Sunday, July 10, 2016

New book tells story of HBCU legends of the American Football League

University of Mississippi professor and author Charles K. Ross earned his bachelor’s degree from Stillman College, an historically black college in Tuscaloosa, Alabama, before completing his graduate studies at Ohio State.

KANSAS CITY, Missouri -- Buck Buchanan, a mountain of a man, was at the top of his class in 1963.

The star defensive tackle from Grambling State was selected No. 1 overall in the American Football League draft that year by the Kansas City Chiefs. He became the first black player from any college — HBCU or predominantly white — to accomplish that feat.

Buchanan, 6-foot-7, 245 pounds at the time, captured the eye of progressive Chiefs owner Lamar Hunt and head coach Hank Stram during a time when selecting players from HBCUs that high in a draft was a foreign concept.

But this was the fledgling AFL — the new kid with new ideas on the new block that went toe-to-toe with the more traditional and staid NFL. The year 1963 was a bellwether time in U.S. history.

President John F. Kennedy was assassinated that year in Dallas.

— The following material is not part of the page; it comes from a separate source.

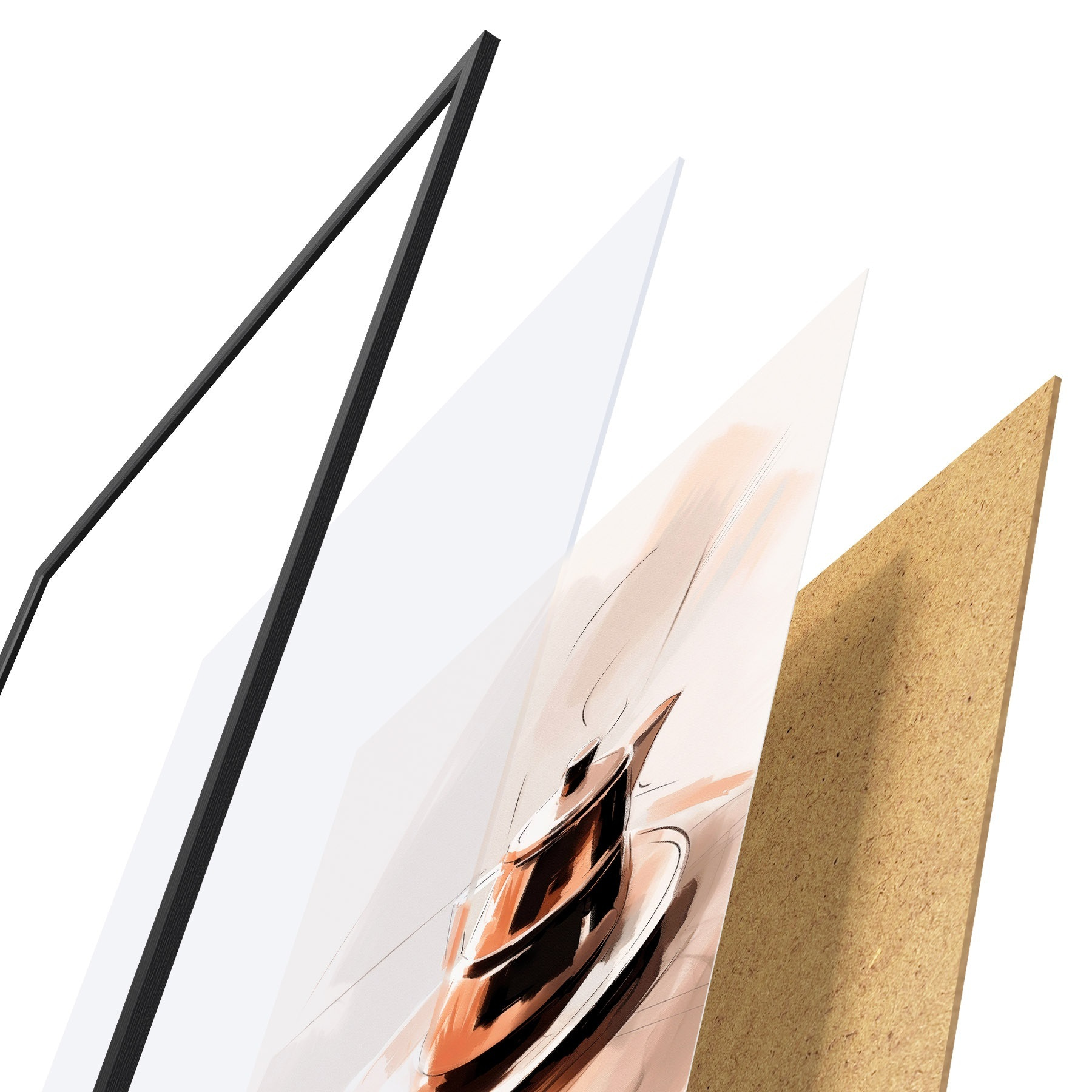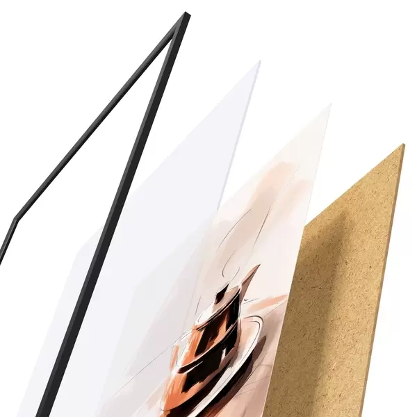 El póster consta de marco, plexiglás, imagen impresa y soporte de aglomerado. El póster puede colgarse inmediatamente en la pared gracias a los soportes de la parte posterior.

A volatile climate of national racial issues was on the frontburner — from Dr. Martin Luther King Jr.’s iconic March on Washington to the assassination of highly respected NAACP leader Medgar Evers to the four black girls killed in the horrific church bombing in Birmingham, Alabama. Civil rights marches, especially in the South, were as common as hit records from Motown.